# Work instructions:
In the entries that follow, find the line containing "Topwater Popper Bass" and the line containing "Die Holzkiste mit", then copy exactly everything from the first through the second except the pictures.

# Task inputs:
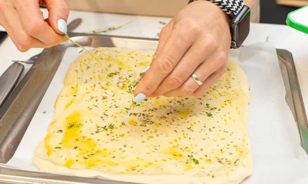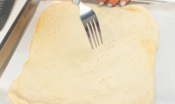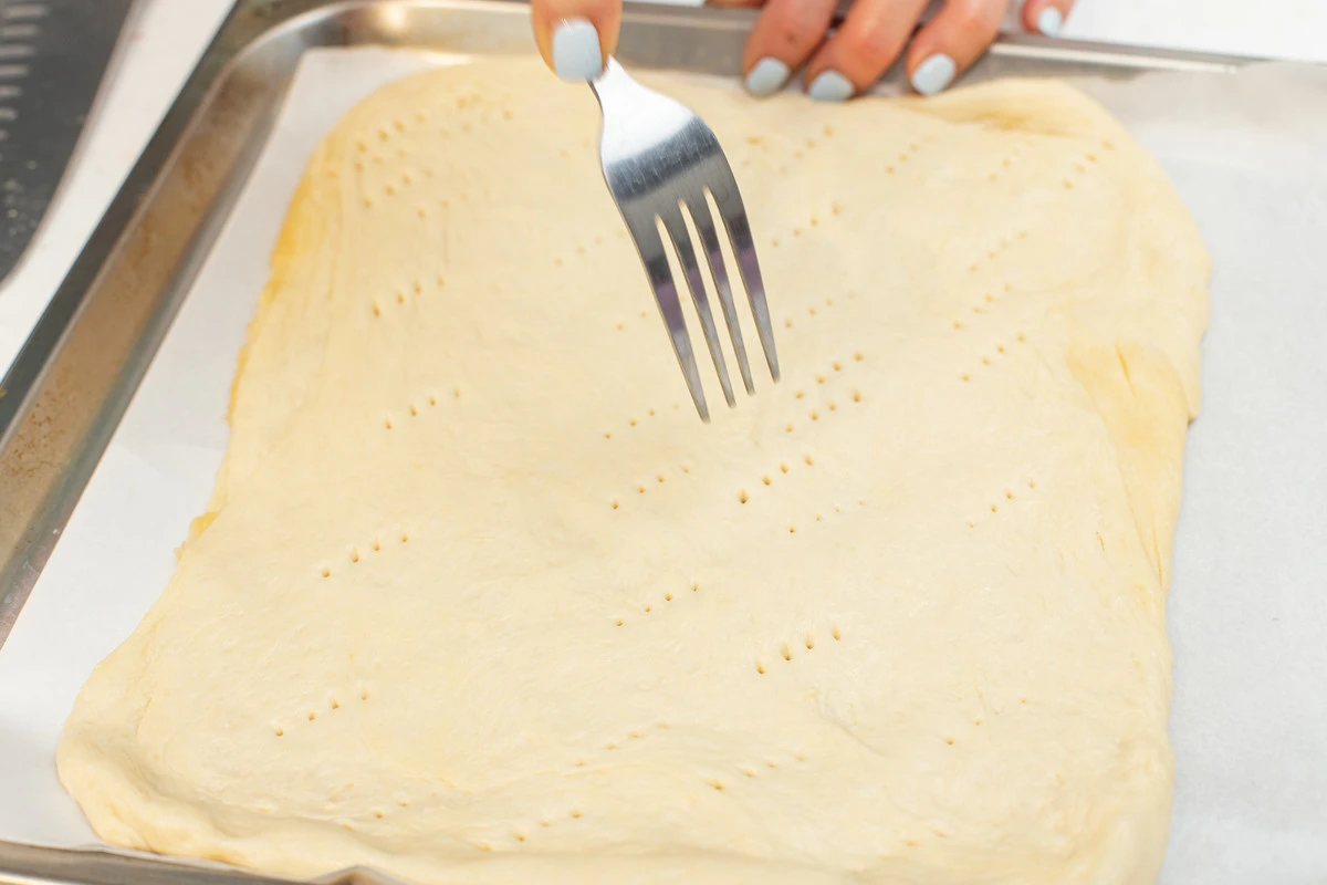 Застелите противень пергаментом для выпечки. Руками сформируйте пласт теста по размеру противня (толщина пласта должна быть примерно 0,5 см). Часто наколите тесто вилкой.
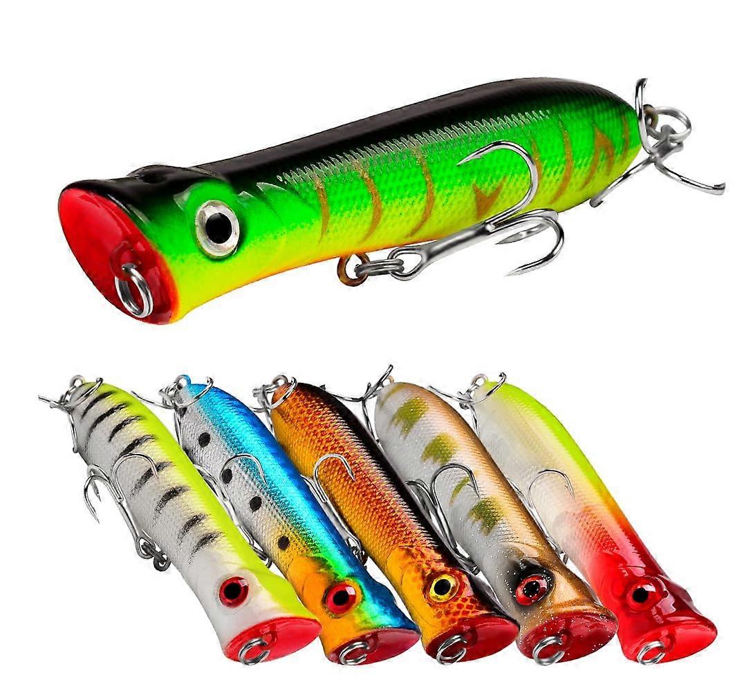 Topwater Popper Bass Fishing Lures Pack of 6 Rattle Baits for Trout and Saltwater 8CM 12g Durable Plastic
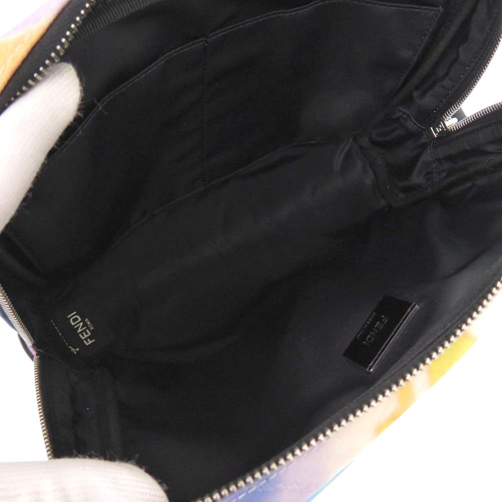 Fendi Business Bag 7N0116 Fabric , Calfskin Light Blue Zucca Pattern Marble Ff Logo Pouch
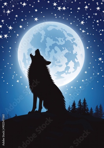 wolf, howling, full moon, night, silhouette, sky, star, vector, illustration, wild, nature, wilderness, animal, majestic, moonlight, outdoors, scenery, nocturnal, forest, dark, night sky, dramatic, powerful, wild animal, mystical, landscape, starry sky, artwork, digital artwork, predator, howl, alpha, eerie, adventure, untamed, solitude, intensity, celestial, fantasy, winter, generative, ai
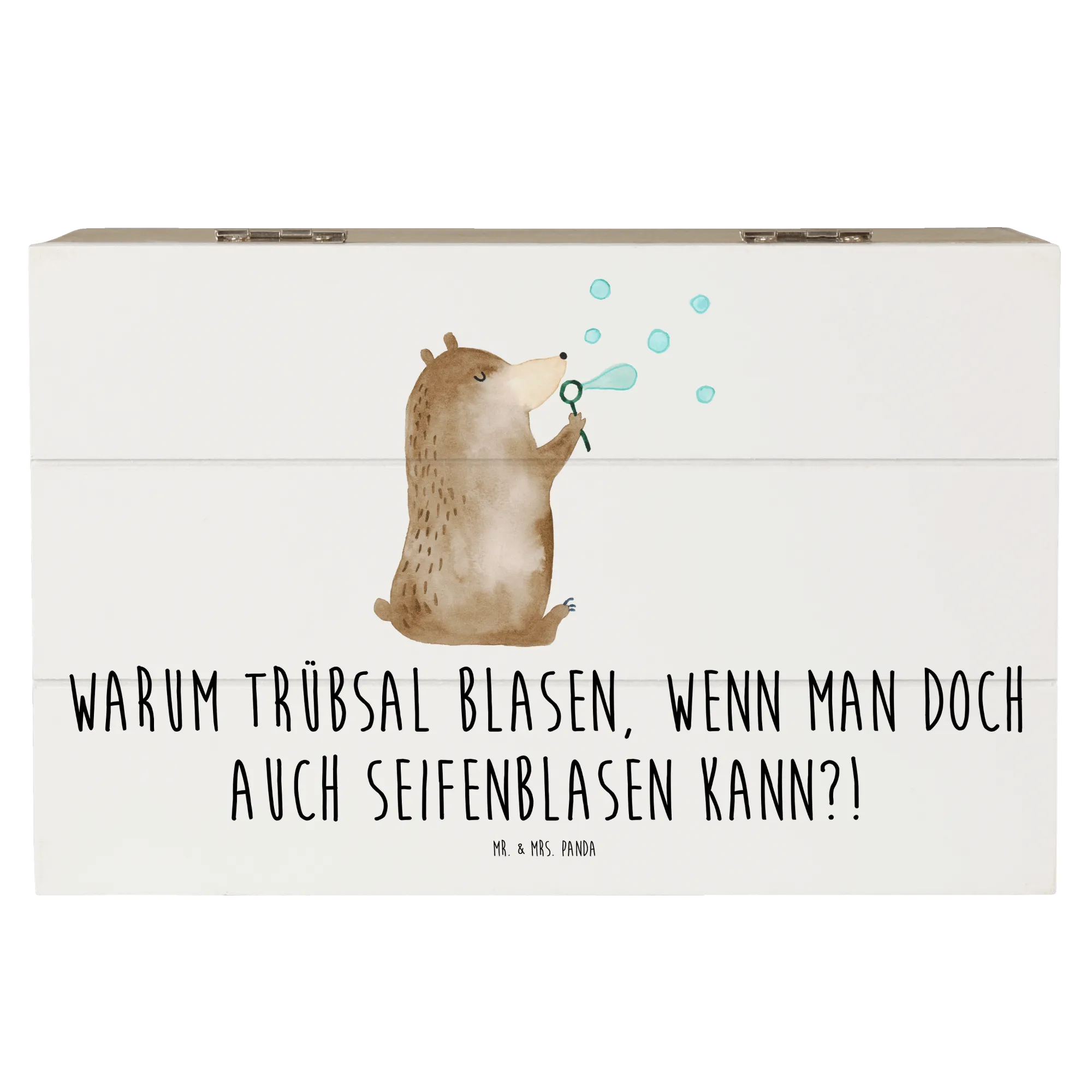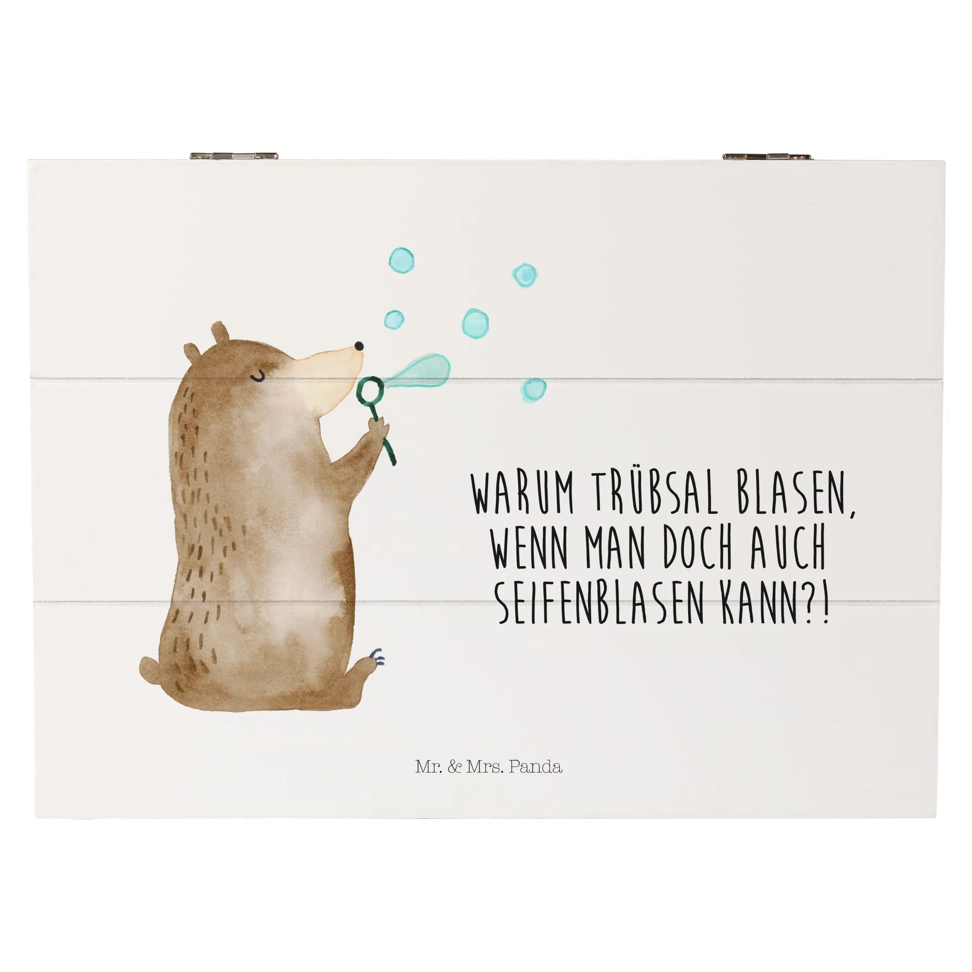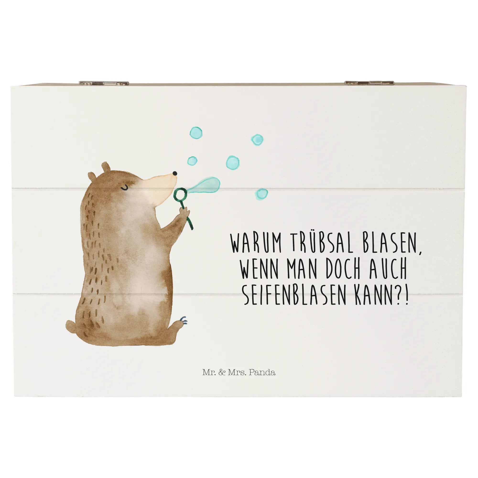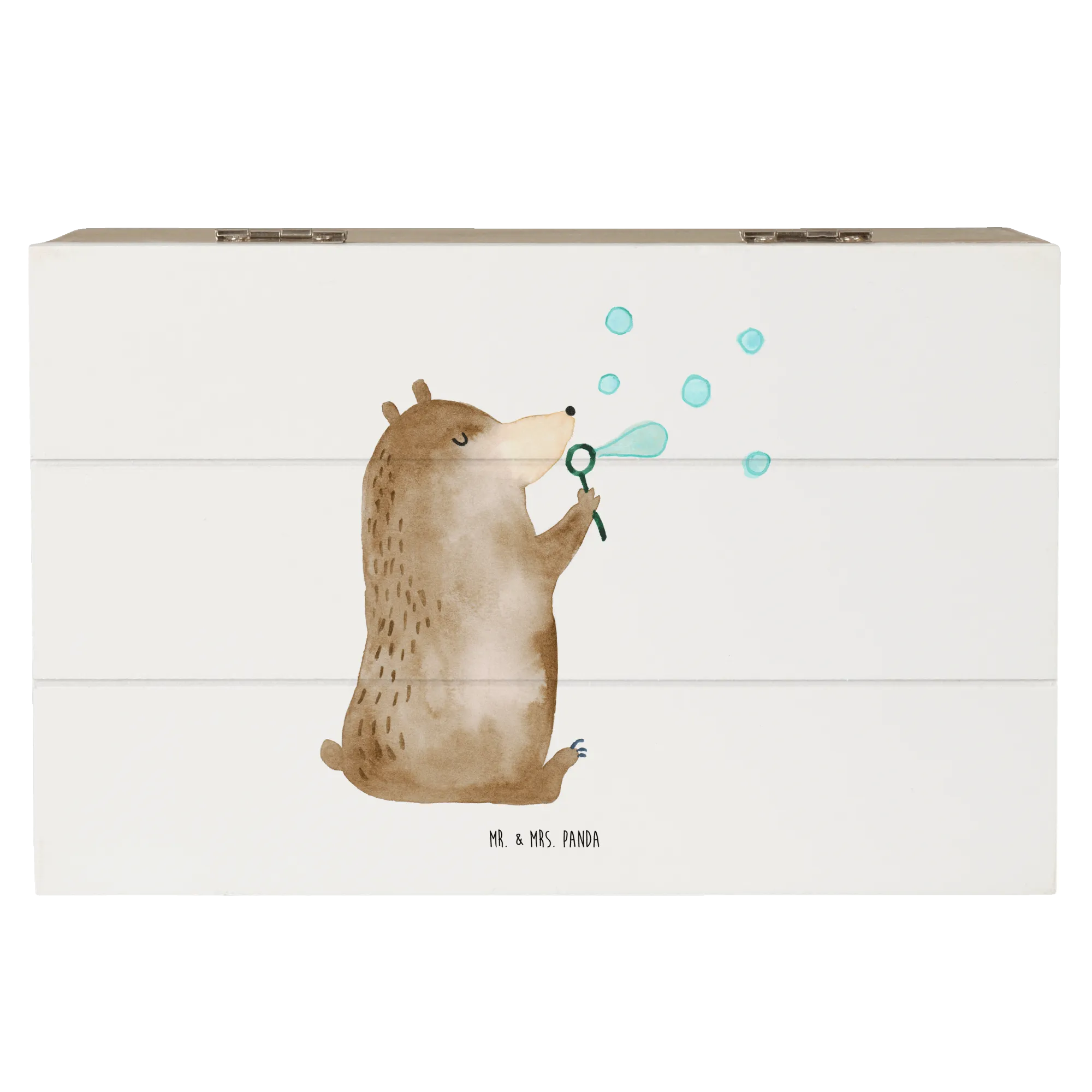 Die Holzkiste mit dem niedlichen Motiv des Bären mit Seifenblasen von Mr. & Mrs. Panda ist das perfekte Geschenk für jeden Anlass!
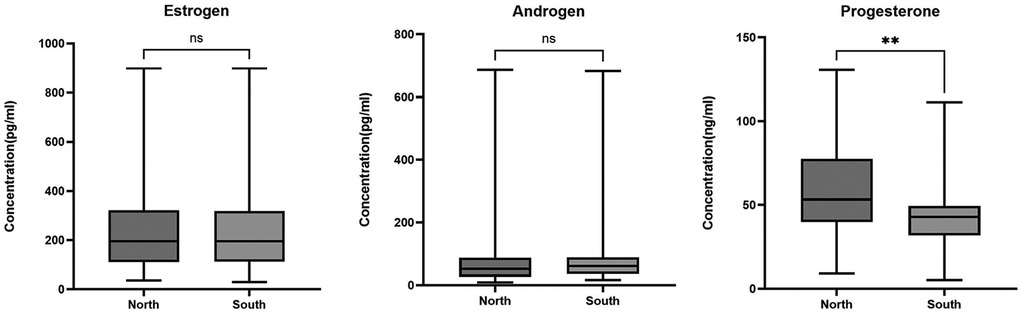 Results: Generally, average serum levels of estrogen, androgen, and progesterone were 195.5 (29.2–899.2.0) pg/ml, 60.7 (8.2–687.3) pg/ml, 46.0 (5.2–130.6) ng/ml respectively. When categorized by location, serum estrogen level was 195.8 (35.7–899.2) pg/ml in the north compared to 195.3 (29.2–899.2) pg/ml, in the south, p = 0.63. Androgen was 52.8 (8.2–687.3) pg/ml vs. 61.2 (16.0–683.33) pg/ml, p = 0.81, and progesterone level was 53.3 (9.2–130.6) ng/ml vs. 43.0 (5.2–111.3) ng/ml, p = 0.0019. Northern participants whose mothers did not have any formal education had higher androgen (p = 0.009) and estrogen (p = 0.0012) levels compared to those from the south. Also, girls with educated fathers had higher progesterone levels (p = 0.03). The proportion of parental unemployment was low across locations. Other covariates did not influence hormonal levels (p > 0.05).

# Response below:
 Topwater Popper Bass Fishing Lures Pack of 6 Rattle Baits for Trout and Saltwater 8CM 12g Durable Plastic
 Fendi Business Bag 7N0116 Fabric , Calfskin Light Blue Zucca Pattern Marble Ff Logo Pouch
 wolf, howling, full moon, night, silhouette, sky, star, vector, illustration, wild, nature, wilderness, animal, majestic, moonlight, outdoors, scenery, nocturnal, forest, dark, night sky, dramatic, powerful, wild animal, mystical, landscape, starry sky, artwork, digital artwork, predator, howl, alpha, eerie, adventure, untamed, solitude, intensity, celestial, fantasy, winter, generative, ai
 Die Holzkiste mit dem niedlichen Motiv des Bären mit Seifenblasen von Mr. & Mrs. Panda ist das perfekte Geschenk für jeden Anlass!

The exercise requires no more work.